Integrate Co-reference Detection for Pronoun Substitution in PII Masking
Background
The Yaak proxy currently detects and masks PII entities (names, emails, etc.) to protect user privacy when sending requests to external LLMs. However, it doesn't handle pronouns that refer to these masked entities, leading to gender/reference mismatches in responses.
The Problem
When a male name like "Tom Miller" is replaced with a female name like "Sarah Smith", associated pronouns ("he", "him", "his") remain unchanged, causing grammatical inconsistencies and confusion:
Current Behavior (Broken):
User Input: "Hi, his name is Tom Miller. Write a short biography about him."
↓ PII Detection: FIRSTNAME: Tom, SURNAME: Miller
Masked Request: "Hi, his name is Sarah Smith. Write a short biography about him."
^^^ ^^^
LLM Response: "Sarah Smith is a software engineer. She is a co-founder..."
^^^
Unmasked Response: "Tom Miller is a software engineer. She is a co-founder..."
^^^
❌ Gender mismatch!
Ideal Behavior (Fixed):
User Input: "Hi, his name is Tom Miller. Write a short biography about him."
↓ PII Detection + Co-reference: Tom Miller (cluster 1) ← "his", "him" also in cluster 1
Masked Request: "Hi, her name is Sarah Smith. Write a short biography about her."
^^^ ^^^
LLM Response: "Sarah Smith is a software engineer. She is a co-founder..."
^^^
Unmasked Response: "Tom Miller is a software engineer. He is a co-founder..."
^^
✅ Consistent pronouns!
What is Co-reference Detection?
Co-reference detection identifies and links mentions of the same entity across a text:
- "Tom Miller", "he", "him", "his" all refer to the same person
- "Sarah Smith", "she", "her" all refer to the same person
The Yaak model already performs co-reference detection and outputs cluster IDs for each token.
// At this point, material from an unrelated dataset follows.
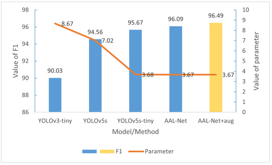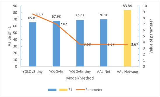 In the self-made dataset, the comparison between F1 values and parameter values of different methods, the horizontal axis represents different methods, the left half of the vertical axis represents F1 values, and the right half of the vertical axis represents parameter values.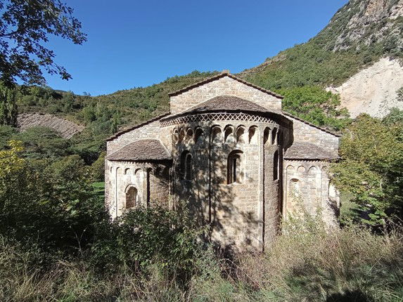 En Graus se nos unió el profesor D. Francisco Martí Fornés, verdadero experto y conocedor de la zona hasta de sus más recónditos lugares románicos o de cualquier índole , de camino nos enseñó el puente rómanico de ocho ojos del pueblo de Capella, así como la ubicación de las ermitas de San Martín ( en ruinas) San Ramón y Santa Eulalia , siguiendo la carretera la ermita de Nuestra Señora del Llano del pueblo de Lagarrues, situada al lado del cementerio.

We just need to use this information to handle pronoun substitution.
Current Model Capabilities
The multi-task PII detection model outputs co-reference predictions:
# From eval_model_detailed.py:298-300
coref_logits = outputs["coref_logits"][0] # [seq_len, num_coref_labels]
coref_predictions = torch.argmax(coref_logits, dim=-1) # [seq_len]
coref_pred_ids = [p.item() for p in coref_predictions] # Cluster IDs per token
Example output:
Text: "Tom Miller went to his car. He drove home."
Tokens: Tom Miller went to his car . He drove home .
Cluster: 1 1 0 0 1 0 0 1 0 0 0
└───┘ └─┘ └─┘
Same entity (cluster 1)
The model correctly identifies that "Tom Miller", "his", and "He" all refer to the same entity (cluster 1).
Implementation Plan
Phase 1: Add Pronoun Mapping Module
File: src/backend/pii/pronoun_mapper.go (new)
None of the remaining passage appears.